# The Rain in Spain...



## RonFog (Oct 7, 2011)

Last autumn I had to re-tile my first floor balconies as the membranes ruptured and my house was permanently damp. The builder, who has done a very good job, also removed the drains running from the terraces down the inside of the walls as he felt that these were also causing damp to penetrate through. However, this has caused another problem as now the rainwater runs directly off the terraces and down the outside of the walls of the house making track marks as it runs down. The builder has been back with some really awful aluminium guttering that is huge and tells me that this is the only style of guttering available. It will look terrible as the house has pretty Andalucian style detail on the rendering, but I am loathe to have guttering and down pipes shipped from the UK. 
Does anyone have any ideas?
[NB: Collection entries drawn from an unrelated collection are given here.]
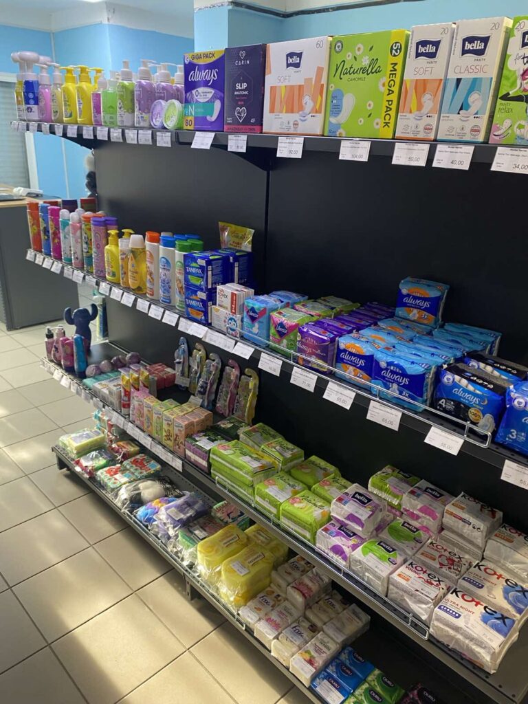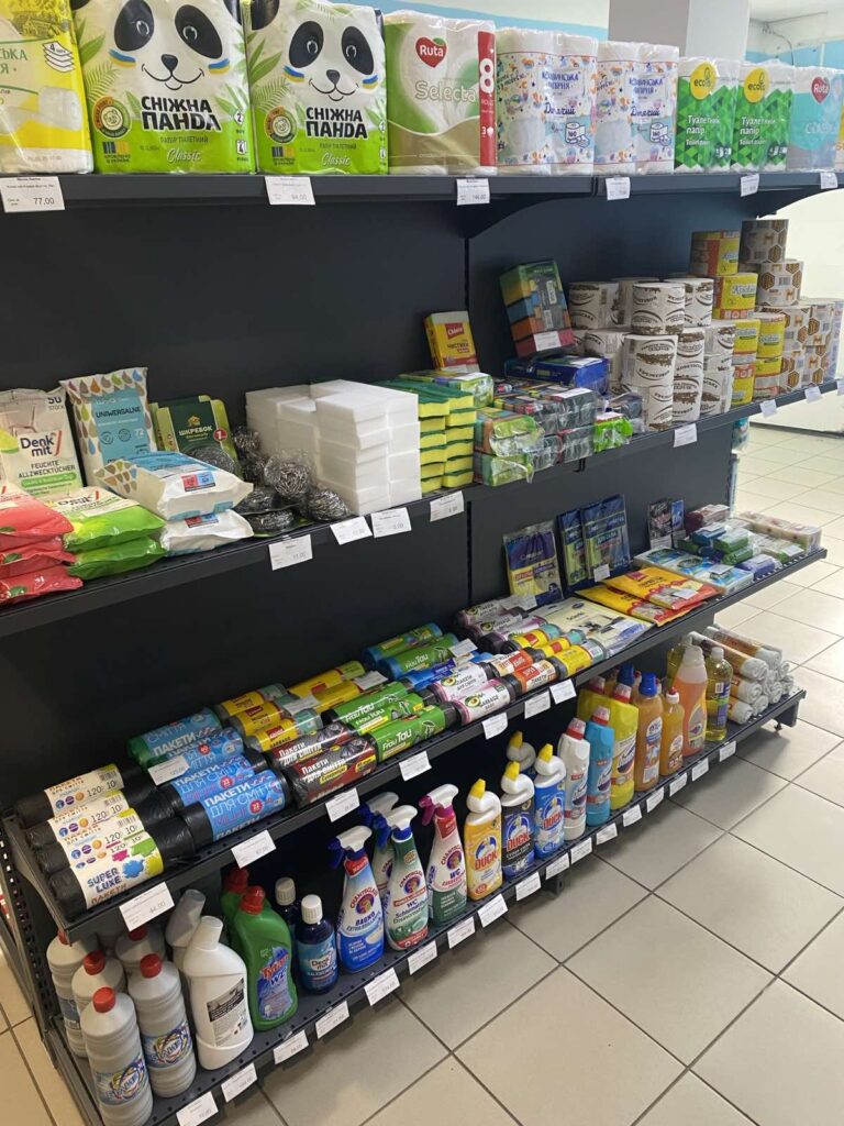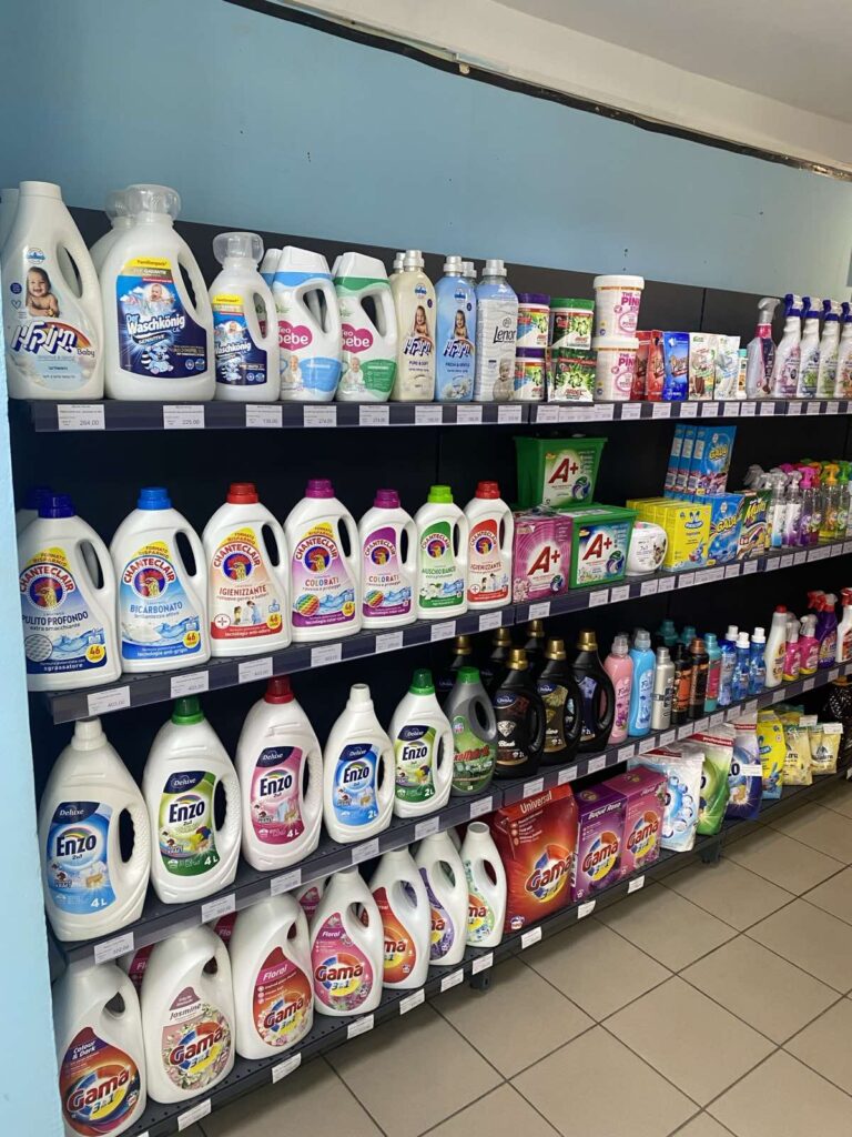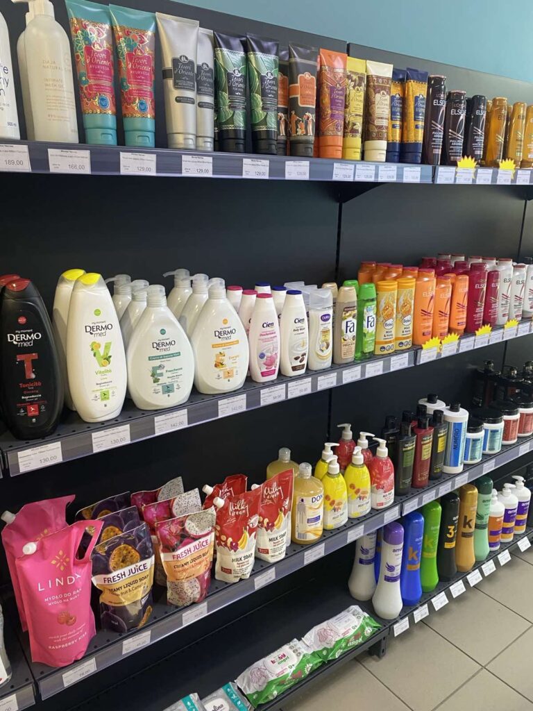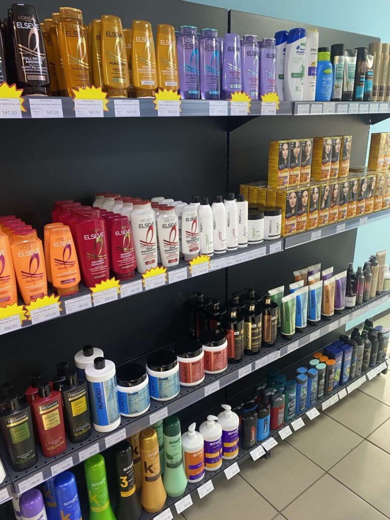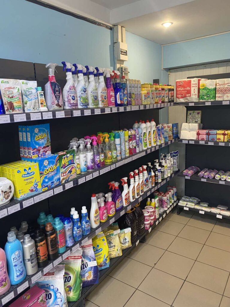 Ассортимент состоит из бытовой химии и включает все необходимое для ухода за домом, телом и волосами: от стиральных порошков и средств для мытья посуды до шампуней, гелей, детских серий и антиперспирантов. Алина формировала ассортимент частично на собственном опыте, но в основном, просматривая сайты оптовых баз и интернет-магазинов, заказывала по несколько товаров разных производителей, чтобы максимально заполнить полки.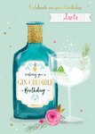 Verjaardagskaart met een grote fles wijn en de tekst: Celebrate on your birthday Auntie. Wishing you a gin-credible birthday.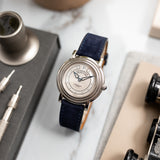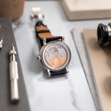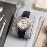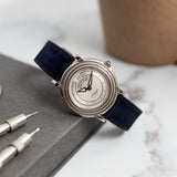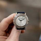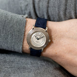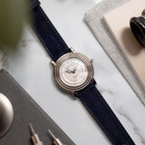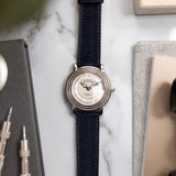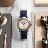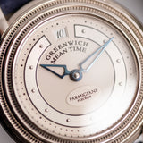 The PF004579 Memory Time demonstrates Parmigiani Fleurier's penchant for blending ancestral and contemporary watchmaking techniques, showcasing traditionally considered elements yet incorporating proprietary styling and a multitude of subtleties. Exceedingly characterful in its 18ct white gold 36mm case, this golden ratio-inspired exterior is defined by its double-stepped coin edge bezel, which draws upon Greek and Roman "Doric" columns. This striking hand-finished exterior includes welded lugs, providing a comprehensively formed case of distinction and grace. The idiosyncratic lavishness outlined by the case translates effortlessly to its dial, where the classic executions continue, and modern embellishments can be found.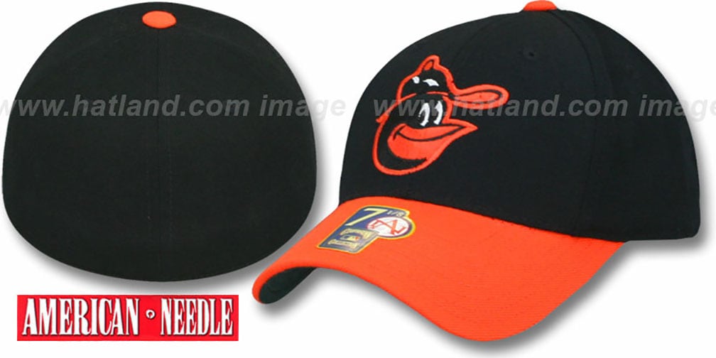Structured fitted hat, black acrylic/wool blend rounded crown with orange precurved visor, dark green under visor. authentic Cooperstown, Old Schoolfit by American Needle. This Baltimore Orioles hat is made by American Needle and is licensed by the MLB - Major League Baseball.

RF


----------



## 90199 (Mar 21, 2010)

This is our only water drain from the terrace above the garage, all the others go into an Aljibe
It is an half moon tile reversed


----------



## Pesky Wesky (May 10, 2009)

RonFog said:


> Last autumn I had to re-tile my first floor balconies as the membranes ruptured and my house was permanently damp. The builder, who has done a very good job, also removed the drains running from the terraces down the inside of the walls as he felt that these were also causing damp to penetrate through. However, this has caused another problem as now the rainwater runs directly off the terraces and down the outside of the walls of the house making track marks as it runs down. The builder has been back with some really awful aluminium guttering that is huge and tells me that this is the only style of guttering available. It will look terrible as the house has pretty Andalucian style detail on the rendering, but I am loathe to have guttering and down pipes shipped from the UK.
> Does anyone have any ideas? RF


You certainly do not have to ship anything from the UK! We have zinc, most of the neighbours have pvc. However, after a bit of Googling it does seem that in your area aluminium is the name of the day. So maybe you'll have to look in another part of Spain, but no further afield I would have thought
Guttering = canalones and there are plenty of people offering the service in your area. Somebody might have something non aluminium.


----------



## RonFog (Oct 7, 2011)

Thank for your reply H, but I can see from the photo that your rainwater pipe runs down the inside of the exterior walls. Mine have now been blocked as there is now so much rain during the winter and I now need to train water off the terraces into a gutter and then a rainwater pipe down the exterior of the house, much the same as we do in the UK. I am looking for neat English style guttering. RF


----------



## RonFog (Oct 7, 2011)

Pesky Wesky said:


> You certainly do not have to ship anything from the UK! We have zinc, most of the neighbours have pvc. However, after a bit of Googling it does seem that in your area aluminium is the name of the day. So maybe you'll have to look in another part of Spain, but no further afield I would have thought
> Guttering = canalones and there are plenty of people offering the service in your area. Somebody might have something non aluminium.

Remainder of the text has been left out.